Write out exactly the lines below starting at the one containing "そうです。例えば、キャストす" and ending at the one containing "Le premier jour, après". Omit every picture.

TASK INPUTS
BEGIN
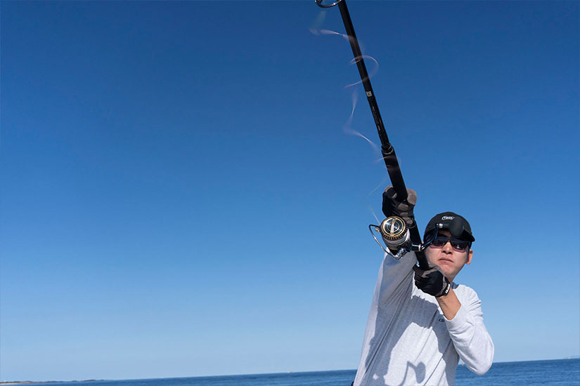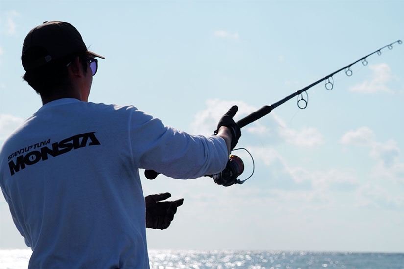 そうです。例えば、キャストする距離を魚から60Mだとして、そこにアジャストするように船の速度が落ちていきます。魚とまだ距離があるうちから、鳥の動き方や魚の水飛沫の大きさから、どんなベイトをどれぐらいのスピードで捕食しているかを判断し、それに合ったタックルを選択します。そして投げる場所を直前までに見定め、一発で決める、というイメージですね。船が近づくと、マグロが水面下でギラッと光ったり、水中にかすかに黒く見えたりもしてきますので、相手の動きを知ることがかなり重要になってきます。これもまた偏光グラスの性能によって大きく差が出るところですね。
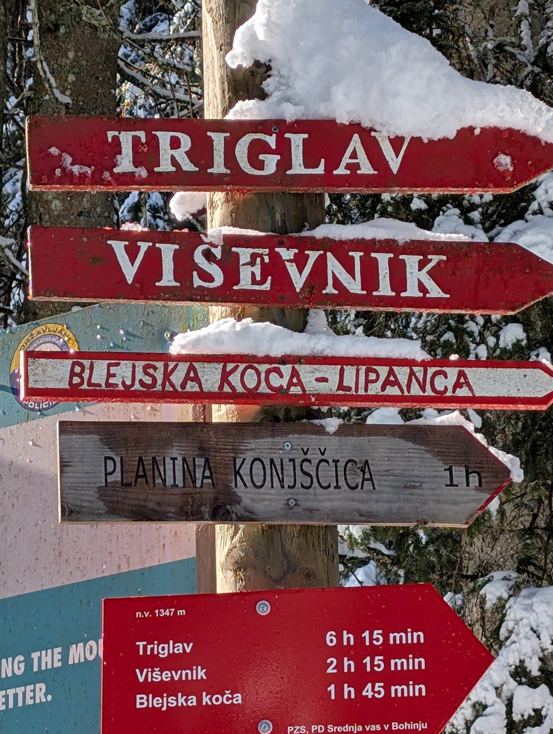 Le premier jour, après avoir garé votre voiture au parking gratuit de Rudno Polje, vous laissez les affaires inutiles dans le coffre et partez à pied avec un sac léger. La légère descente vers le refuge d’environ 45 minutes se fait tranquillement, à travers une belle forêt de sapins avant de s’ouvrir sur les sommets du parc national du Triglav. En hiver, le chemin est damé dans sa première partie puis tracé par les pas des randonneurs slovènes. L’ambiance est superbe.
END
BEGIN
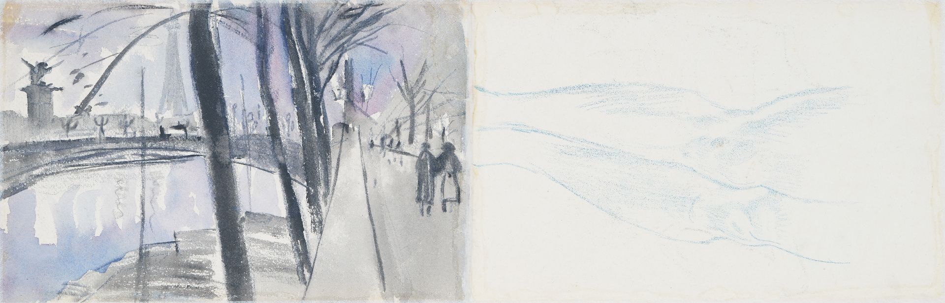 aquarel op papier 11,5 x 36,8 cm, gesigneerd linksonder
END
BEGIN
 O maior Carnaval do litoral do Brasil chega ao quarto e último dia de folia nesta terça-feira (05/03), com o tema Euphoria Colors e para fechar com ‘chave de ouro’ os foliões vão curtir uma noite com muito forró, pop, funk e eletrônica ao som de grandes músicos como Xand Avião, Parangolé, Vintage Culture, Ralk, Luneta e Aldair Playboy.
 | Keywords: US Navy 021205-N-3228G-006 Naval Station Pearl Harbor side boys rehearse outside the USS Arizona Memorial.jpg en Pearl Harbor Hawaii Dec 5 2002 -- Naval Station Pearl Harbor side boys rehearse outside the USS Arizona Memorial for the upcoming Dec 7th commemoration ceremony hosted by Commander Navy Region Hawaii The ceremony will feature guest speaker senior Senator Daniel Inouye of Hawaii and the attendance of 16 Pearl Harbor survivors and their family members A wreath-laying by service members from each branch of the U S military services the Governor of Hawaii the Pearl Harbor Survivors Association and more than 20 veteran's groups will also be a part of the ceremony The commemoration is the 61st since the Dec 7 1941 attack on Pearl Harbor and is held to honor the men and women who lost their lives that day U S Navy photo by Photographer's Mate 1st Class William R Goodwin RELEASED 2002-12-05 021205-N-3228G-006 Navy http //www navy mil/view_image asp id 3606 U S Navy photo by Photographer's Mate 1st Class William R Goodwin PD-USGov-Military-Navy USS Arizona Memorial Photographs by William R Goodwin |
END
TASK ANSWER
 そうです。例えば、キャストする距離を魚から60Mだとして、そこにアジャストするように船の速度が落ちていきます。魚とまだ距離があるうちから、鳥の動き方や魚の水飛沫の大きさから、どんなベイトをどれぐらいのスピードで捕食しているかを判断し、それに合ったタックルを選択します。そして投げる場所を直前までに見定め、一発で決める、というイメージですね。船が近づくと、マグロが水面下でギラッと光ったり、水中にかすかに黒く見えたりもしてきますので、相手の動きを知ることがかなり重要になってきます。これもまた偏光グラスの性能によって大きく差が出るところですね。
 Le premier jour, après avoir garé votre voiture au parking gratuit de Rudno Polje, vous laissez les affaires inutiles dans le coffre et partez à pied avec un sac léger. La légère descente vers le refuge d’environ 45 minutes se fait tranquillement, à travers une belle forêt de sapins avant de s’ouvrir sur les sommets du parc national du Triglav. En hiver, le chemin est damé dans sa première partie puis tracé par les pas des randonneurs slovènes. L’ambiance est superbe.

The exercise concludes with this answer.